Write out the listing below character for character, though without its pictures.

====== INFORMATION PROVIDED ======

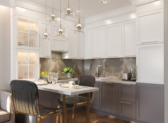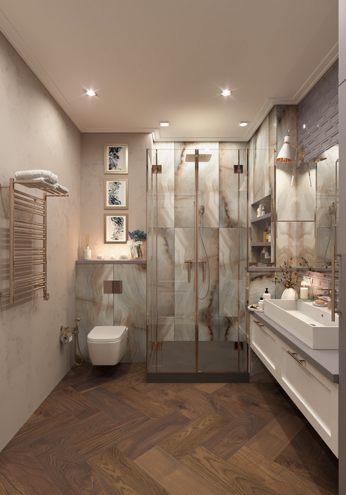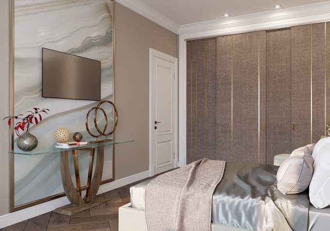 Так у квартиры появляется характер. Выверенные и тонкие формы, сочетание дерева и камня придаёт индивидуальность и легкость, а металл сохраняет его в балансе. Отблески латуни, массив ореха и натуральный камень создают благородный и уютный интерьер.
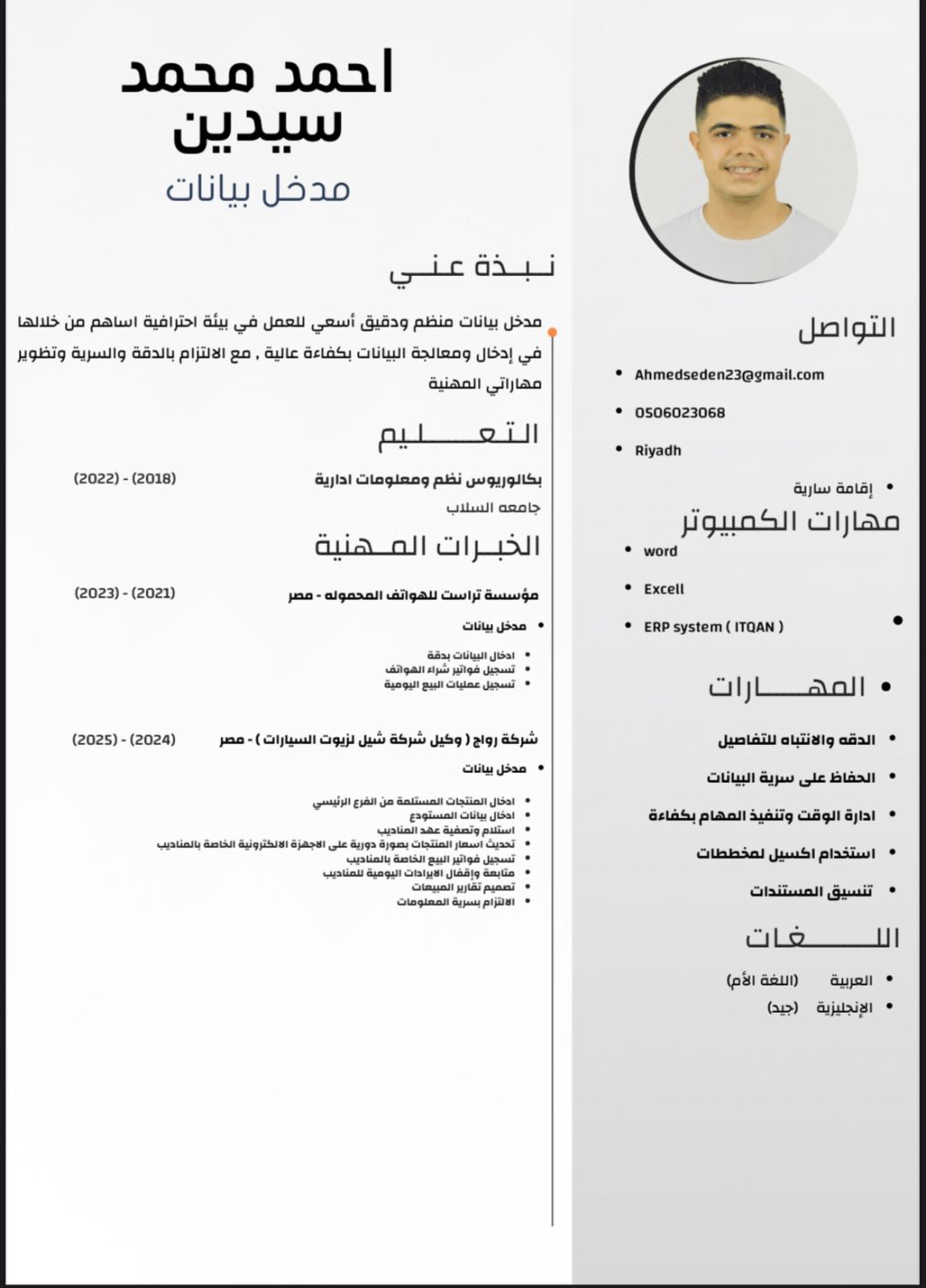 مدخل بيانات خبرة في ادخال البيانات بدقة وسرعة. اجادة العمل على الكمبيوتر وبرامج Microsoft Excel وWord اجادة العمل على برامج ERP System. تنظيم الملفات وتحديث البيانات باستمرار الالتزام بالمواعيد وتحمل ضغط العمل
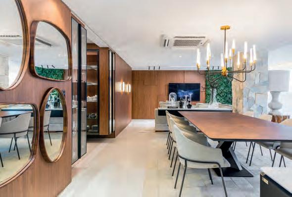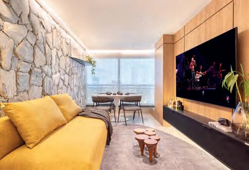 Ideias do projeto. O projeto de reforma do apartamento, conduzido por Sarah Cavalcanti, atendeu ao desejo dos clientes de criar uma atmosfera caseira e acolhedora, transformando a residência em um refúgio confortável e elegante. A estratégia da arquiteta foi explorar as texturas naturais, com um cuidadoso equilíbrio entre aconchego e sofisticação, visível na combinação de generosos painéis de madeira e revestimento em pedra bruta na área social integrada. Esse espaço se destaca por sua composição eclética, que harmoniza elementos modernos e elegantes, como o lustre sobre a mesa de jantar, a composição de espelhos orgânicos e o mobiliário contemporâneo, sem se limitar a um estilo específico. Além disso, a inclusão de biofilia, na forma de um jardim vertical junto ao painel da TV, traz a natureza para dentro do apartamento e cria uma atmosfera relaxante. Detalhes marcantes. O uso da pedra bruta em paginação irregular é um ponto de destaque. Ela não apenas oferece personalidade única às paredes, mas também funciona como uma camuflagem inteligente para os pilares, que passam a ser elementos esculturais no espaço. Na cozinha, os armários retroiluminados em vidro reflecta funcionam como vitrines sofisticadas para o acervo de louças e cristais, evidenciando um toque luxuoso que completa a ambientação.

======

* **TASK ANSWER**
 Так у квартиры появляется характер. Выверенные и тонкие формы, сочетание дерева и камня придаёт индивидуальность и легкость, а металл сохраняет его в балансе. Отблески латуни, массив ореха и натуральный камень создают благородный и уютный интерьер.
 مدخل بيانات خبرة في ادخال البيانات بدقة وسرعة. اجادة العمل على الكمبيوتر وبرامج Microsoft Excel وWord اجادة العمل على برامج ERP System. تنظيم الملفات وتحديث البيانات باستمرار الالتزام بالمواعيد وتحمل ضغط العمل
 Ideias do projeto. O projeto de reforma do apartamento, conduzido por Sarah Cavalcanti, atendeu ao desejo dos clientes de criar uma atmosfera caseira e acolhedora, transformando a residência em um refúgio confortável e elegante. A estratégia da arquiteta foi explorar as texturas naturais, com um cuidadoso equilíbrio entre aconchego e sofisticação, visível na combinação de generosos painéis de madeira e revestimento em pedra bruta na área social integrada. Esse espaço se destaca por sua composição eclética, que harmoniza elementos modernos e elegantes, como o lustre sobre a mesa de jantar, a composição de espelhos orgânicos e o mobiliário contemporâneo, sem se limitar a um estilo específico. Além disso, a inclusão de biofilia, na forma de um jardim vertical junto ao painel da TV, traz a natureza para dentro do apartamento e cria uma atmosfera relaxante. Detalhes marcantes. O uso da pedra bruta em paginação irregular é um ponto de destaque. Ela não apenas oferece personalidade única às paredes, mas também funciona como uma camuflagem inteligente para os pilares, que passam a ser elementos esculturais no espaço. Na cozinha, os armários retroiluminados em vidro reflecta funcionam como vitrines sofisticadas para o acervo de louças e cristais, evidenciando um toque luxuoso que completa a ambientação.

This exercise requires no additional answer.